In verschiedenen Rollenspielen wurden die Teilnehmerinnen in Situationen hineinversetzt. „Ziel ist es, Gewalt zu vermeiden. Es soll gar nicht erst zu Übergriffen kommen“, erklärte Nerling. Auch die Damen stimmten ihm zu. Ines Schütz gehörte beispielsweise dazu. Sie hat sich angemeldet, weil sie sich sicherer auf der Straße fühlen möchte und vielleicht ein paar Dinge lernen, die ihr helfen, sich geschickt herauszumanövrieren. Wichtig sei laut dem Trainer die Körpersprache, das Auftreten der Angegriffenen. Dabei geht es auch um Belästigungen, die ganz schnell auch im Alltag, etwa in einer Bar, geschehen können.

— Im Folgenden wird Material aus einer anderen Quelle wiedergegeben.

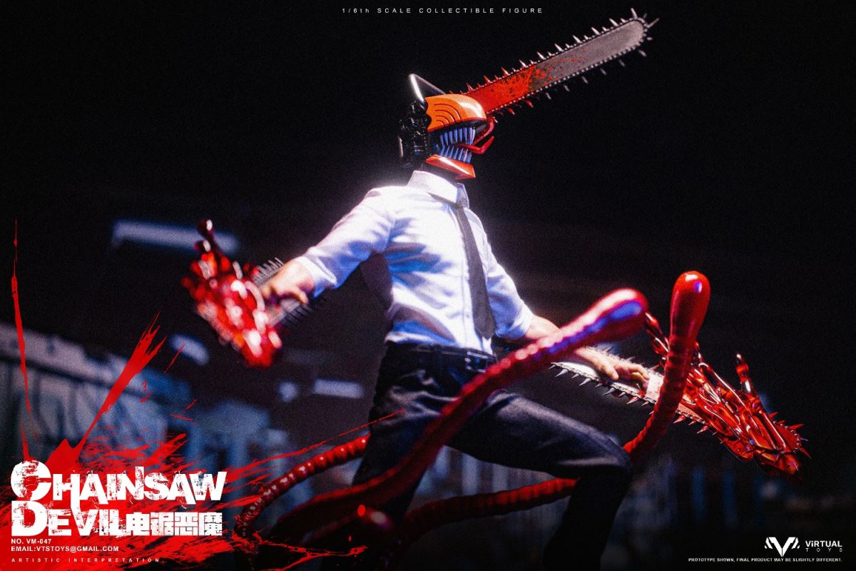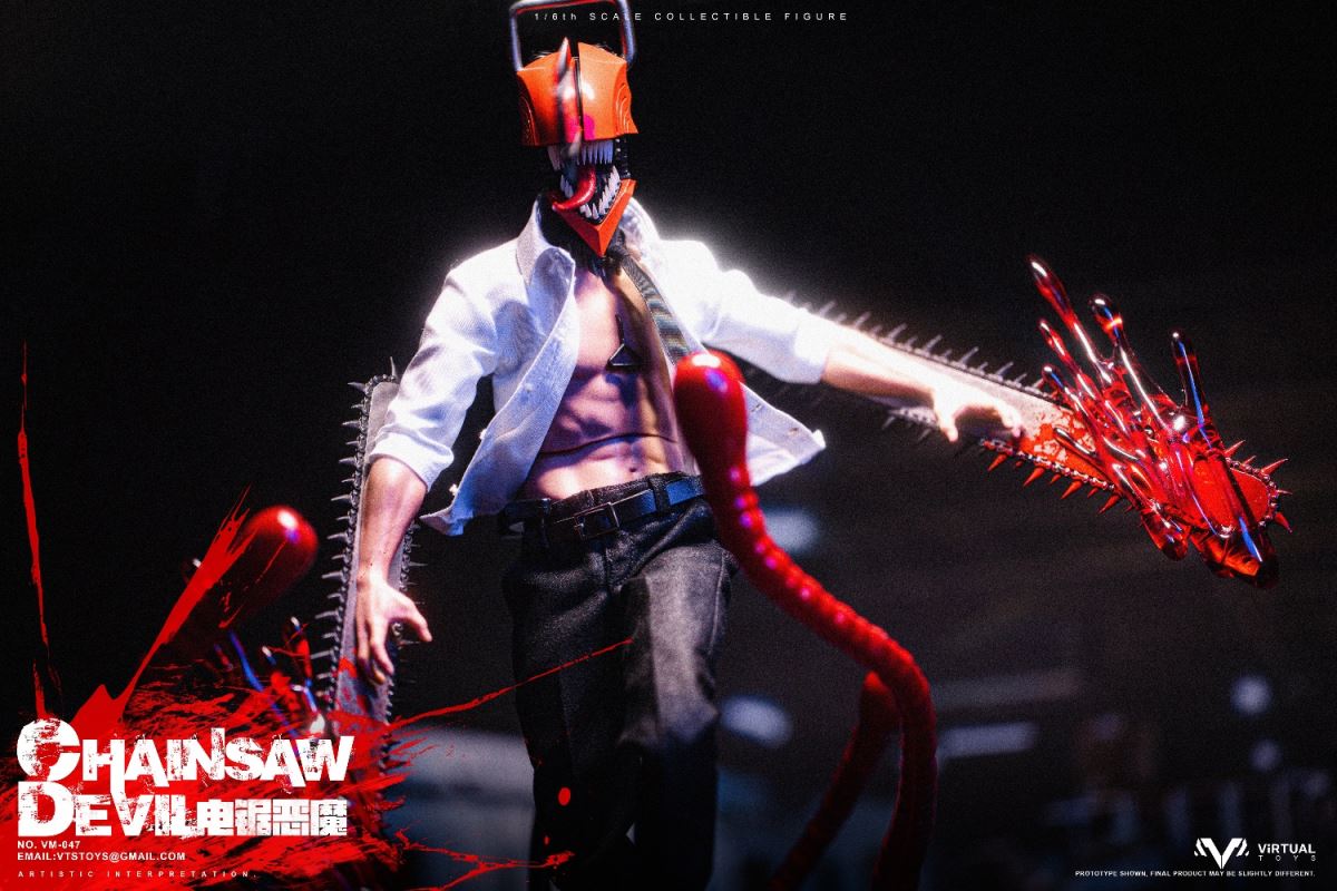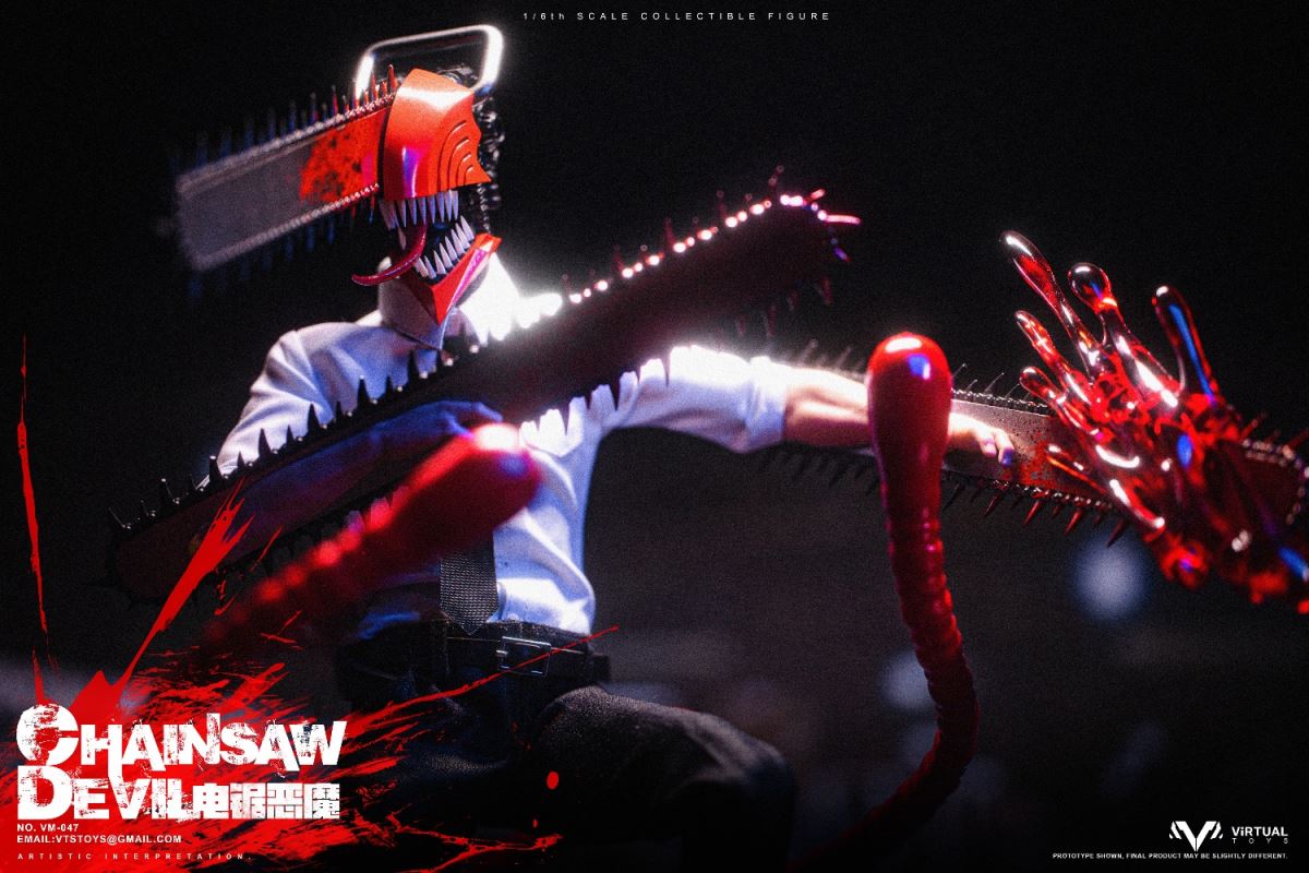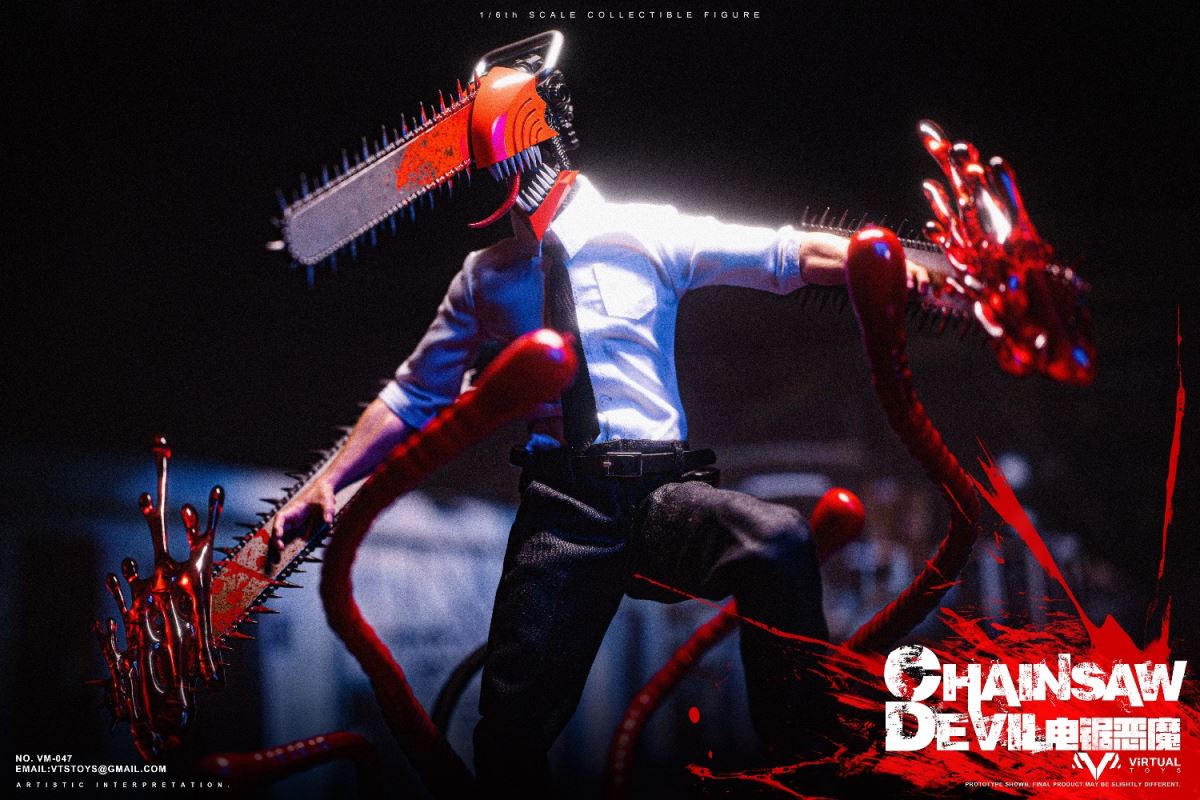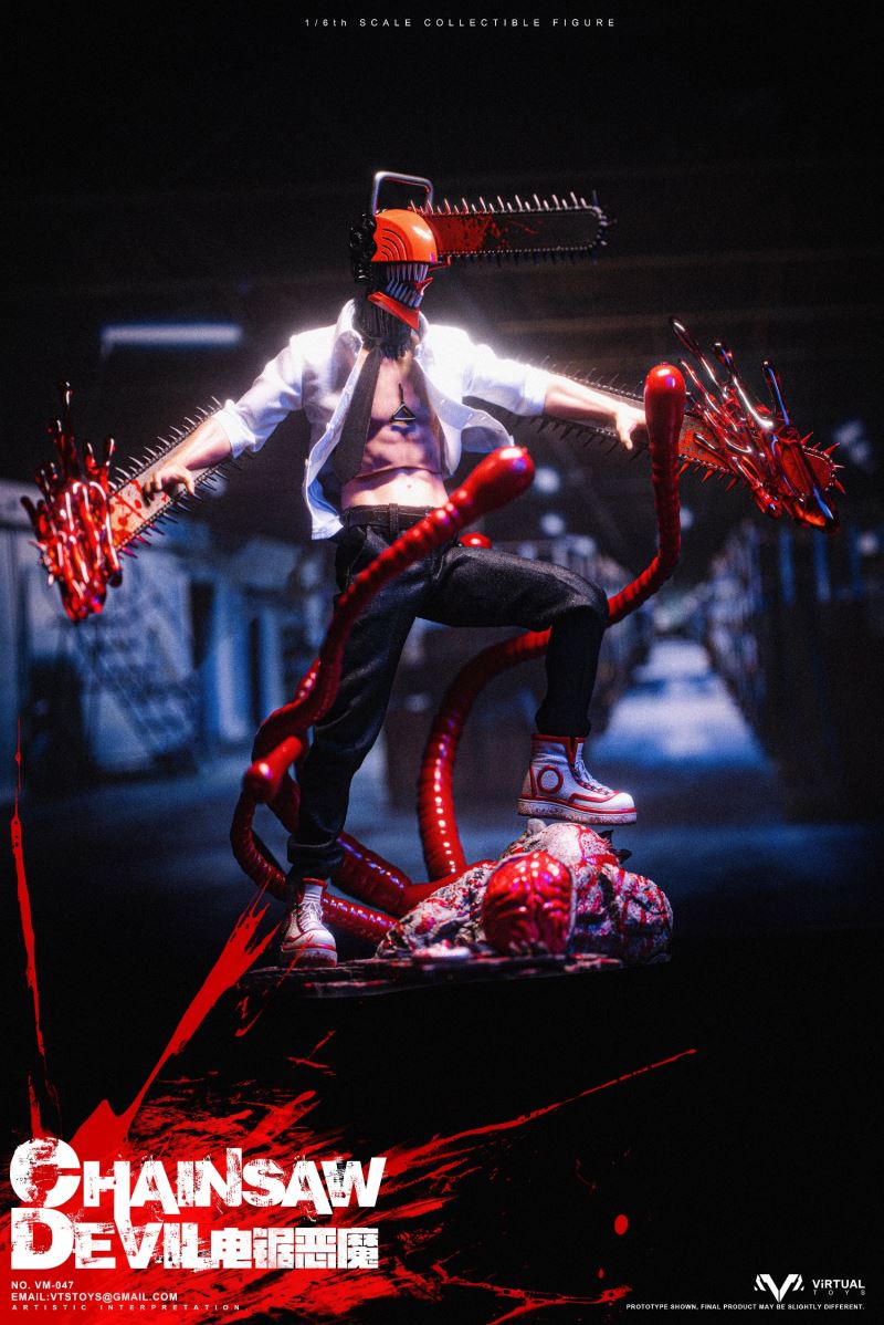 VTS TOYS 1/6 (VM-047) CHAINSAW DEVIL is now officially available!This time the team brings you the extremely popular character Chainsaw Demon. In order to restore the unique image in the animation, the team made a lot of improvements to the body.First of all, in order to fit the animation image, we recreated the neck and chest of the body, not only restoring the unique shape, but also making the pull ring in the center of the chest.The biggest feature this time is its iconic head. We recreated the head with a lot of details based on the animation, so that it still has extremely complex details at a scale of 1/6.In order to restore the mouth of the character in the animation, we designed a double movable mouth, so that it has the largest range of movable performance while maintaining the integrity of the shape. For the character's iconic tongue, we use magnets to install it, and provide players with three tongues of different shapes to facilitate the restoration of different scenarios.In terms of hands, we have recreated a brand new special hand shape for the chainsaw demon. Not only does it have a huge chainsaw and exquisite painting, but we also avoid damage to the overall shape of the hand joints. In order to increase the display effect, we also added special blood effects to the hands.In terms of clothing, we have restored the shirt and trousers that are simple and simple in the animation, but on the pants, we have made special modifications for the mobility of the toy so that the clothing will not have any impact on the mobility of the toy.In terms of accessories, we also produced Pochita, an important character in the animation. On the basis of restoring the animation shape, we used transparent parts to make its eyes, which not only showed the transparent texture of the eyes, but also produced the three-dimensional shape of the pupils. sense.As for the platform, we designed and restored the zombie demon that appeared in the first episode of the animation, showing its image of being hit by the chainsaw demon and stepping on the ground. On the face of the zombie demon, we gave it an exquisite painting, and painted a lot of blood on the overall platform to represent the scene in the animation.As for the four tentacles of the zombie demon, we made them with soft materials embedded with iron wires, so that players can bend the tentacles according to their own ideas.We hope that players will like our product this time and enjoy the unique experience brought by the product.Product list:-Specially designed chainsaw head sculpt-Specially modified muscular high-motion body-Arm with chainsawClothing :-White shirt-Black tie-Water trousers-Uniquely shaped sneakersAccessories:-Blood special effects parts-Porchita-Three Tongues of Different Shapes -Scene Basewith Soft MaterialsVTS TOYS 1/6 (VM-047) CHAINSAW DEVIL Chainsaw Demon is now officially launched!This time our team brings you the extremely popular character chainsaw devil .In order to restore the unique image in the animation, the team made a lot of improvements to the body. First of all, in order to fit the animation image, we recreated the neck and chest of the body, not only to restore the unique shape, but also to make the pull ring in the center of the chest.The biggest feature this time is its iconic head. We reworked a lot of details on the head based on the animation, so that it still has extremely complex details at a 1/6 scale. In order to restore the mouth of the character in the animation, we designed a double joint mouth, so that it has the largest range of movable performance while maintaining the integrity of the shape. For the character's iconic tongue, we use the magnet installation method, and provide players with three different shapes of the tongue to facilitate the restoration of the shape of different scenarios.On the hands side, we've recreated a new special hand shape for the Chainsaw Devil. Not only have a huge chainsaw and exquisite paint, we also avoid the damage of the hand joints to the overall shape. In order to increase the display effect, we also added special blood effects for the hands.In terms of clothing, we restored the simple animation of shirts and trousers, but on the trousers, we made special modifications for the movement of the toy so that the clothing would not have any effect on the movement of the toy.In terms of accessories, we also made Pochita, an important character in the animation. On the basis of restoring the animation shape, we used transparent parts to make its eyes, which not only showed the transparent texture of the eyes, but also made the three-dimensional pupils.As for the base, we designed and restored the zombie devil that appeared in the first episode of the animation, showing its image of stepping on the ground after being hit by the chainsaw devil. On the face of the zombie devil, we gave it a delicate painting, and painted a lot of blood on the overall platform to express the scene in the animation. As for the four tentacles of the zombie devil, we use soft materials to embed iron wires to make them, so that players can bend the tentacles according to their own ideas.Hope players can like our product this time and enjoy the unique experience of the product.Product List:-Specially designed chainsaw head sculpt- Specially remodeled muscle body with high mobility- Arm with chainsawclothing:-white shirt- black tie- Trousers- Uniquely shaped sneakersAccessories:-Blood effects-Pochita-Three different shaped tongues-Base with soft material

Im Rollenspiel saßen die Teilnehmerinnen auf einer Bank. Der Angreifer legte die Hand auf den Schoß der Frauen. Doch was tun? „Ganz einfach“, erklärte Nerling. „Ihr nehmt die Hand von Eurem Bein, legt sie ihm mit Kraft auf sein Bein, steht auf, zeigt mit dem Finger in sein Gesicht und sagt mit kräftiger Stimme, dass ihr das nicht wollt“, fuhr der Coach fort. „Klingt gar nicht so schwer“, waren sich die Damen einig und probierten sich aus. Anfangs war die Stimme noch sehr verhalten, doch schnell fanden sie sogar Spaß daran, sich zu wehren.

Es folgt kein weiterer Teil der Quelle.